PROBLEM STATEMENT » Up to and including the line bearing "バラパーツやフェイクパールを、パッチンピンに盛りました。", output every line of the entries exactly as written, starting from the first; pictures stay out.

═════ SUPPLIED INFORMATION ═════

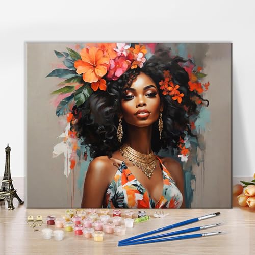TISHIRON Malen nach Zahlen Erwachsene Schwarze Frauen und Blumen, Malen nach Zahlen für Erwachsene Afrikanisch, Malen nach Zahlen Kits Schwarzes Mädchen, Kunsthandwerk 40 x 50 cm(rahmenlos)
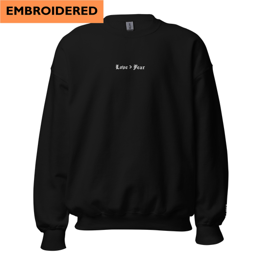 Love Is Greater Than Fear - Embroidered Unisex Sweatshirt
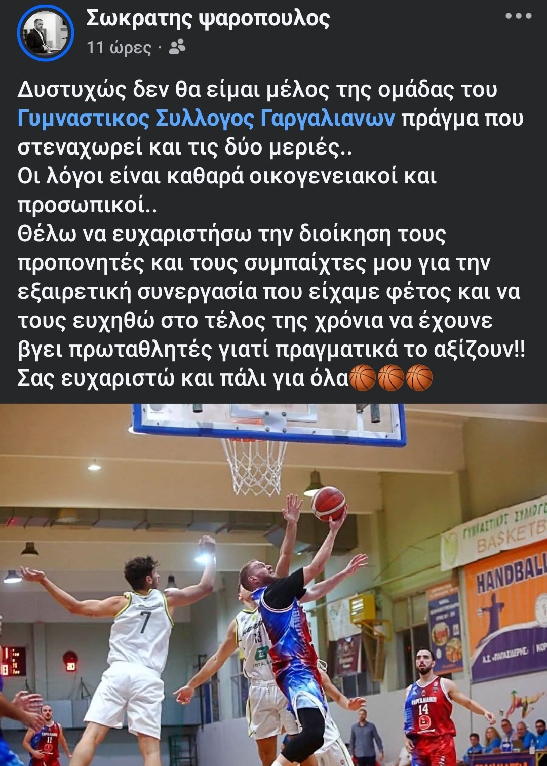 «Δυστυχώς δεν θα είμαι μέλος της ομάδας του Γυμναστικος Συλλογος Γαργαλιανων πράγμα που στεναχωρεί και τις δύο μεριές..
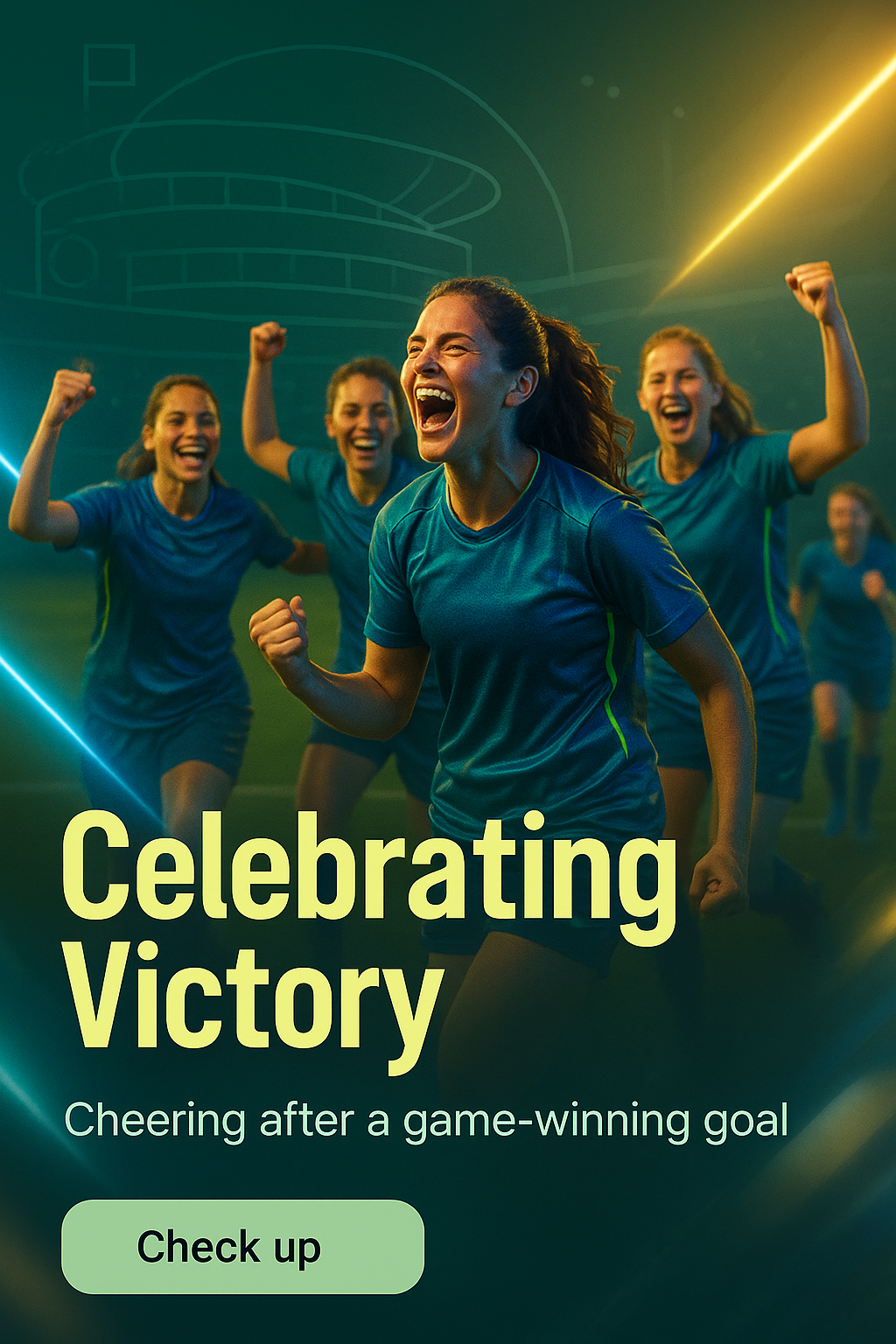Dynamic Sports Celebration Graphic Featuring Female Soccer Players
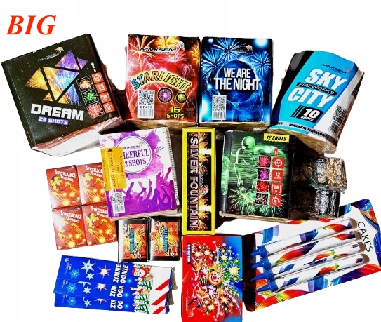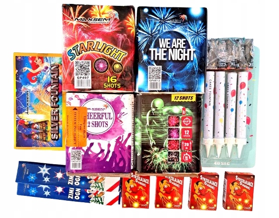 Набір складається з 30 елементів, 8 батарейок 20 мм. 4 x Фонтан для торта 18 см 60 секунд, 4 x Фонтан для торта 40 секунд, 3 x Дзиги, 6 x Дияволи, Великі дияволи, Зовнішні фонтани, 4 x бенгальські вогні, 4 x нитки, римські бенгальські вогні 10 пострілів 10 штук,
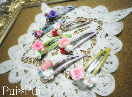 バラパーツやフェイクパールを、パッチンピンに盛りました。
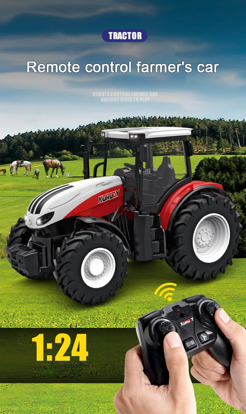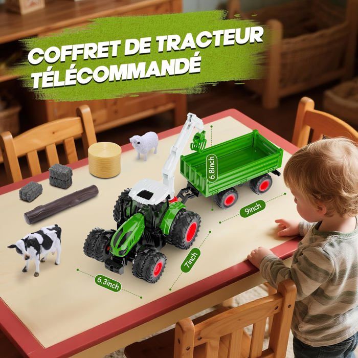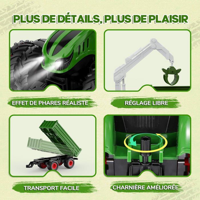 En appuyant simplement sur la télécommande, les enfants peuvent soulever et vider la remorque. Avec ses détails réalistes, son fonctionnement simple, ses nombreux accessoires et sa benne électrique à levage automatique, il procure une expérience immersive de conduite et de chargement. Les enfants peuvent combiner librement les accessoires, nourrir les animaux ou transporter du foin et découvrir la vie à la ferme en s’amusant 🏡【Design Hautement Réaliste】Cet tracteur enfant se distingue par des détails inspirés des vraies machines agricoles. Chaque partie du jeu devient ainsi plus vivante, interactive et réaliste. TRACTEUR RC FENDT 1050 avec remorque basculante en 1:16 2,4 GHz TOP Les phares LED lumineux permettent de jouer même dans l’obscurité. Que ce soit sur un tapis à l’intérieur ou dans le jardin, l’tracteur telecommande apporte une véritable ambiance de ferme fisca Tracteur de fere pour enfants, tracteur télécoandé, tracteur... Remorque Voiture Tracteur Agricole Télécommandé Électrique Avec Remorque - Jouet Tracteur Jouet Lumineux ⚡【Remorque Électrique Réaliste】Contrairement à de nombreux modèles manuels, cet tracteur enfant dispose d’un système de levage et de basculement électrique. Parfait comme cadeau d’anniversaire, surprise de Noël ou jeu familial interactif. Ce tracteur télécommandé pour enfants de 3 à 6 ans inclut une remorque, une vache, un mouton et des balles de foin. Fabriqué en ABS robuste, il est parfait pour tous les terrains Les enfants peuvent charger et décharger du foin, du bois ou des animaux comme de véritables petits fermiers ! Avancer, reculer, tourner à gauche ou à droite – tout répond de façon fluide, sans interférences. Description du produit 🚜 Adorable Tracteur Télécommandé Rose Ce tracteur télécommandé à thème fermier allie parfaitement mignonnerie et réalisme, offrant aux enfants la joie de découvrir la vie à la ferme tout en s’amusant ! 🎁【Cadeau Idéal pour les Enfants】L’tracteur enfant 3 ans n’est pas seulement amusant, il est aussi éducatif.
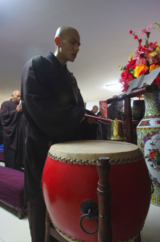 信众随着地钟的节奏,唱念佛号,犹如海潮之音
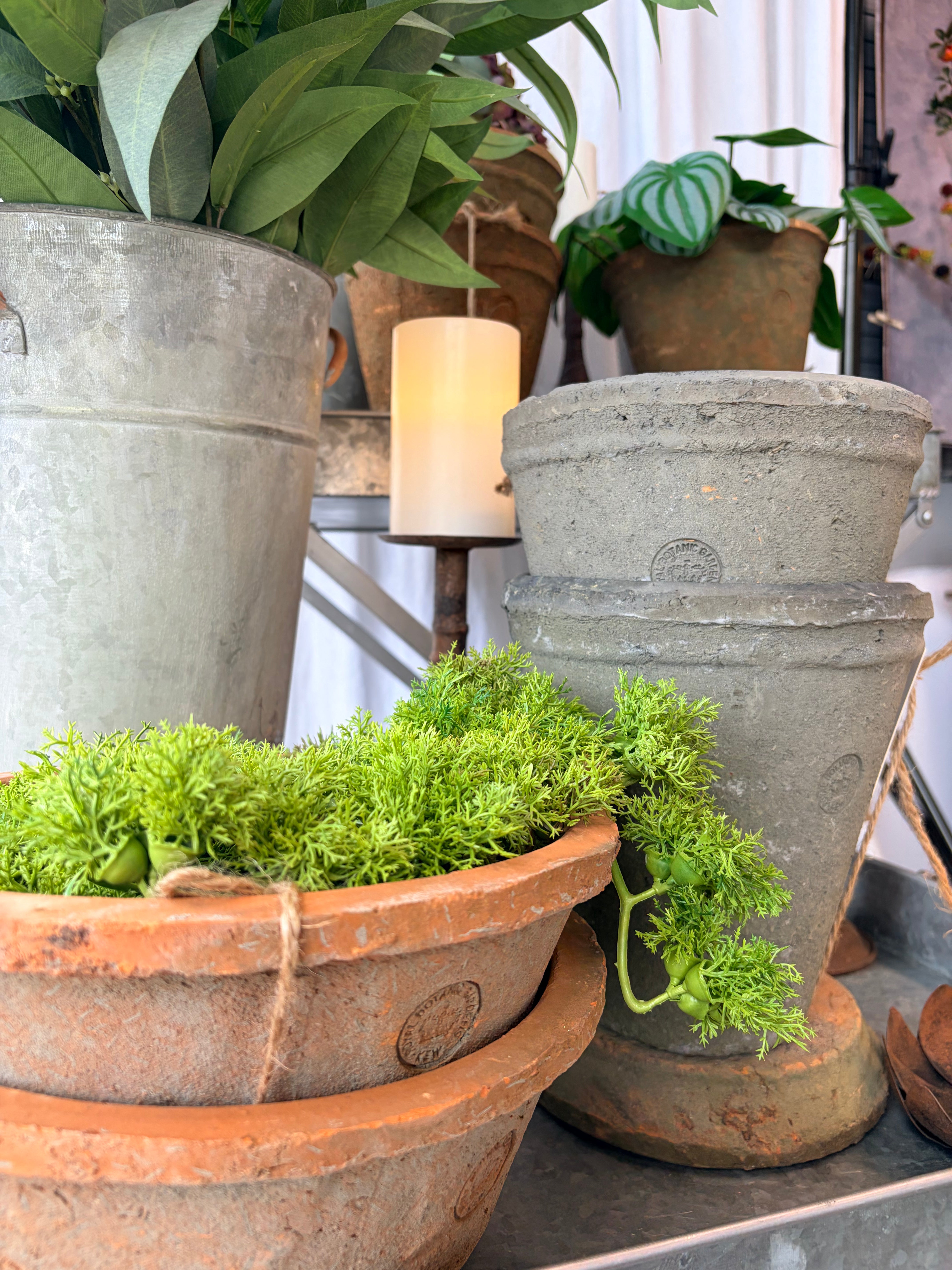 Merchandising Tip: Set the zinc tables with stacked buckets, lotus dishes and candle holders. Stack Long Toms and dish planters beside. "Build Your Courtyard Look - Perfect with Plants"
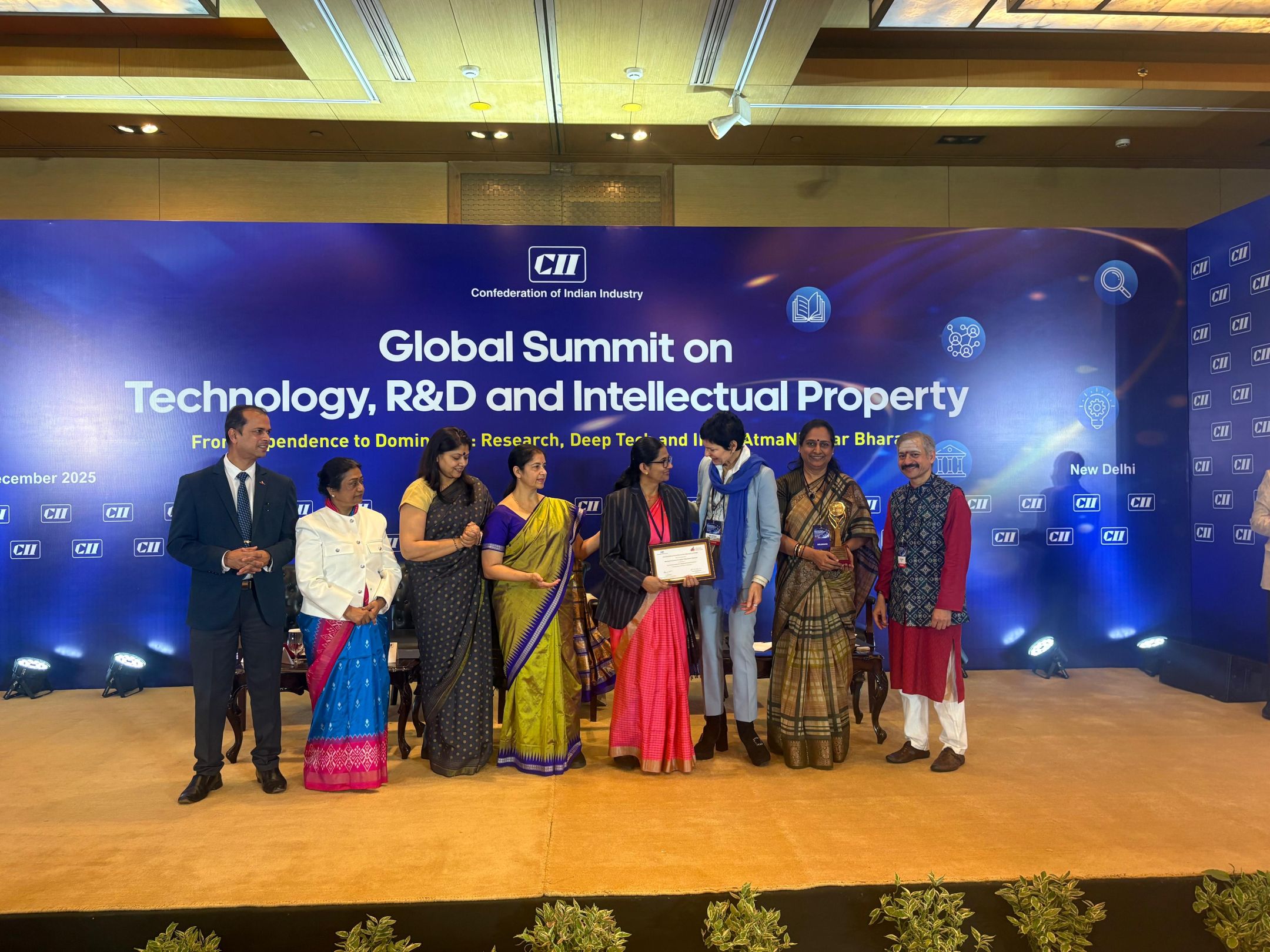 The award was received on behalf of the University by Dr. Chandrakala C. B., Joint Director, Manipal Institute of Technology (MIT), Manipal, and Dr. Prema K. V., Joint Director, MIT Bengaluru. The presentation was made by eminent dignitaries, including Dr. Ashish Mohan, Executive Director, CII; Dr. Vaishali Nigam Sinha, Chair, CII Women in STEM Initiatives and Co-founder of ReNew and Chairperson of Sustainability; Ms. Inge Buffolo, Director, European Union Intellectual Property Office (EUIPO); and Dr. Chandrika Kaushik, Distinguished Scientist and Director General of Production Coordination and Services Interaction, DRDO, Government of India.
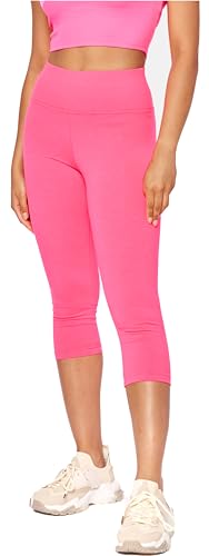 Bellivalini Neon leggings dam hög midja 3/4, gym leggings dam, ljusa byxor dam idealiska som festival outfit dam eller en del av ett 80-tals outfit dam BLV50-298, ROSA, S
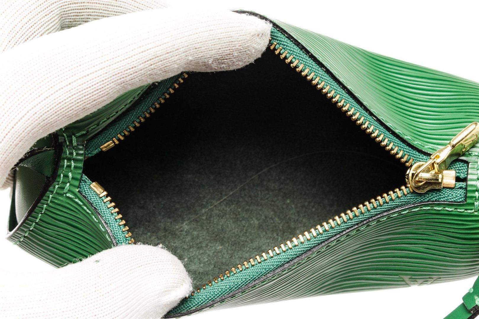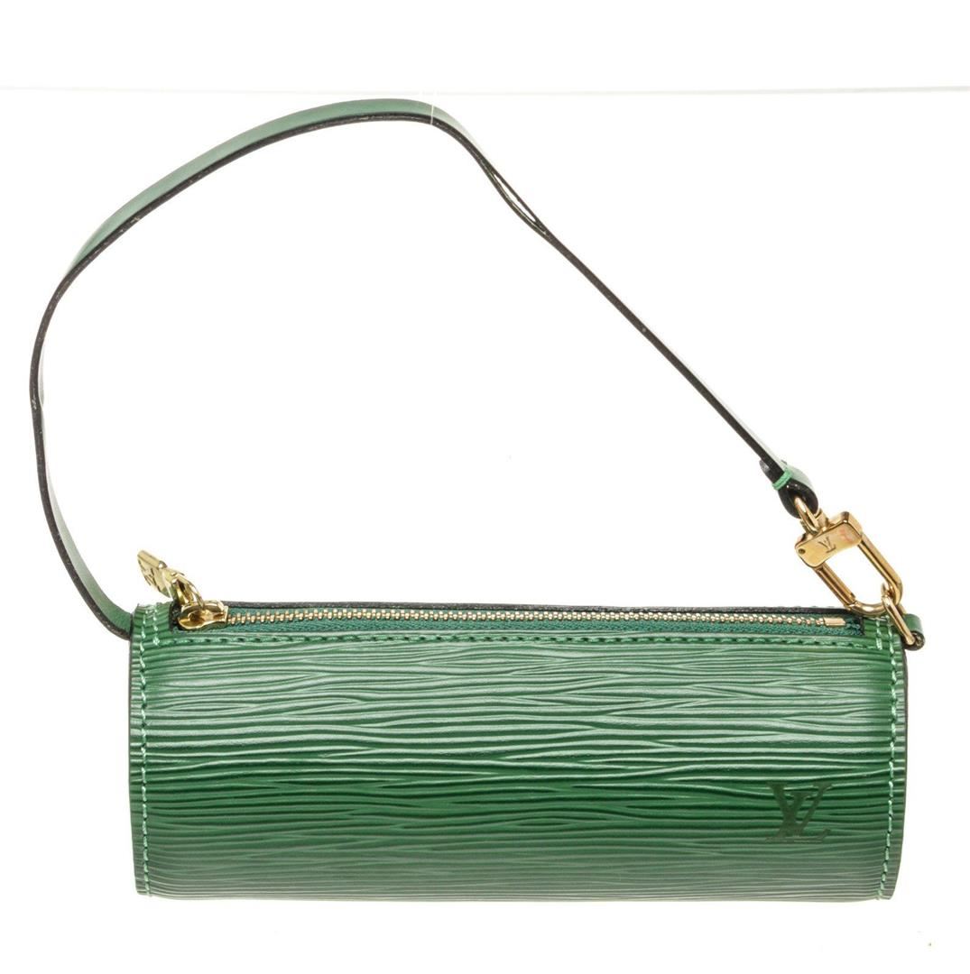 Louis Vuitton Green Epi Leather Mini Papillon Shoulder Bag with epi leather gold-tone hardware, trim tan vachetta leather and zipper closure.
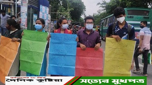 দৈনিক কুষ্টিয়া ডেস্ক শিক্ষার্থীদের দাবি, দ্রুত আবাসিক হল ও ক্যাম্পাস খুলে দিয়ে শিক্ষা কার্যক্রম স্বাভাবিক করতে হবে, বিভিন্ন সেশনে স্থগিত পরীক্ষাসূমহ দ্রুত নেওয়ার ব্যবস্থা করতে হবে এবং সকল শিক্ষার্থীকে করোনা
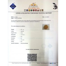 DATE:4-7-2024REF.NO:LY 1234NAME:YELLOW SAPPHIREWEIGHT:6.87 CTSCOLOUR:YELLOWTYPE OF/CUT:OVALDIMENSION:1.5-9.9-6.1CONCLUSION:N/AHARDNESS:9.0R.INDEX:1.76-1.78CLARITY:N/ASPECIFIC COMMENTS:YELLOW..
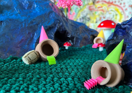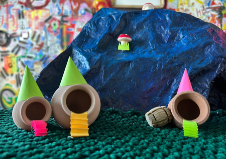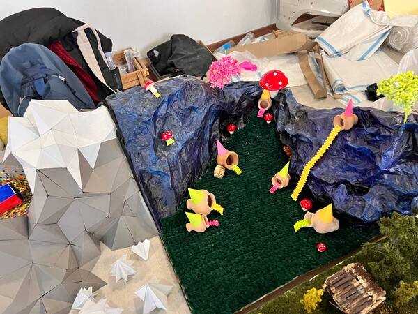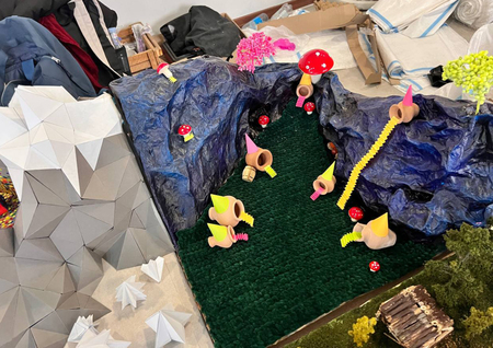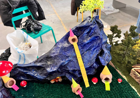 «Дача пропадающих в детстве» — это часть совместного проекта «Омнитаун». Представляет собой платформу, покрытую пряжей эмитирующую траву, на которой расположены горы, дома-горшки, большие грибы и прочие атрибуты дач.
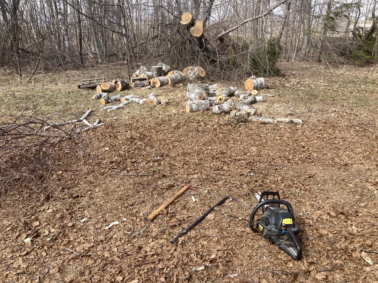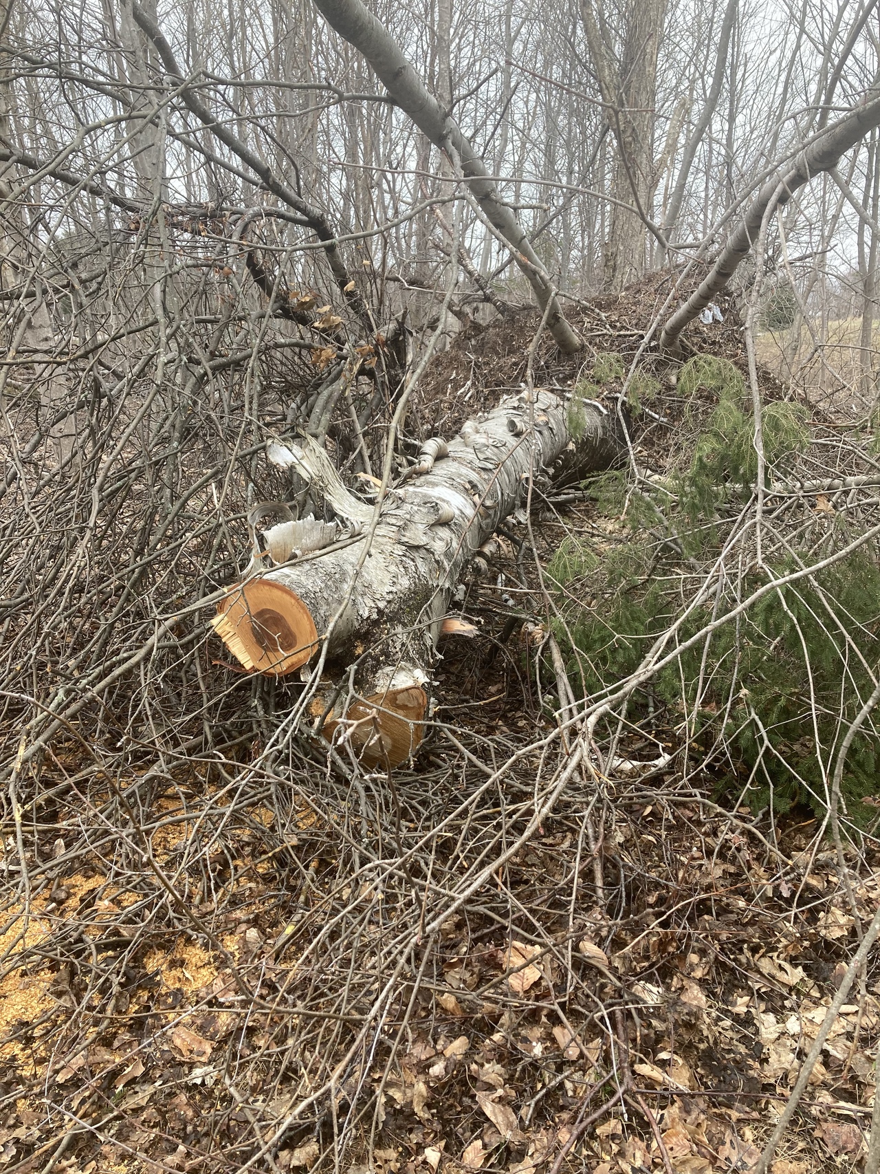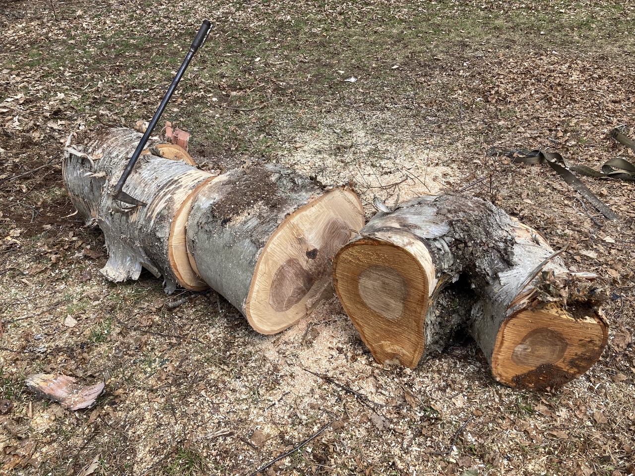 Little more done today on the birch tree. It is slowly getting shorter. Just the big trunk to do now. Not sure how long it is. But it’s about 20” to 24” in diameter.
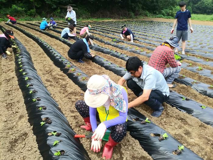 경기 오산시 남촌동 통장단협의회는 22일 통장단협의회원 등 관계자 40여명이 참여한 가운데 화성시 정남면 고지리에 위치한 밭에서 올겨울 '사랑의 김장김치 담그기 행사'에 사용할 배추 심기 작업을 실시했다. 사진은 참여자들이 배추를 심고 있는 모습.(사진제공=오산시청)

═════

EXERCISE RESPONSE »
TISHIRON Malen nach Zahlen Erwachsene Schwarze Frauen und Blumen, Malen nach Zahlen für Erwachsene Afrikanisch, Malen nach Zahlen Kits Schwarzes Mädchen, Kunsthandwerk 40 x 50 cm(rahmenlos)
 Love Is Greater Than Fear - Embroidered Unisex Sweatshirt
 «Δυστυχώς δεν θα είμαι μέλος της ομάδας του Γυμναστικος Συλλογος Γαργαλιανων πράγμα που στεναχωρεί και τις δύο μεριές..
Dynamic Sports Celebration Graphic Featuring Female Soccer Players
 Набір складається з 30 елементів, 8 батарейок 20 мм. 4 x Фонтан для торта 18 см 60 секунд, 4 x Фонтан для торта 40 секунд, 3 x Дзиги, 6 x Дияволи, Великі дияволи, Зовнішні фонтани, 4 x бенгальські вогні, 4 x нитки, римські бенгальські вогні 10 пострілів 10 штук,
 バラパーツやフェイクパールを、パッチンピンに盛りました。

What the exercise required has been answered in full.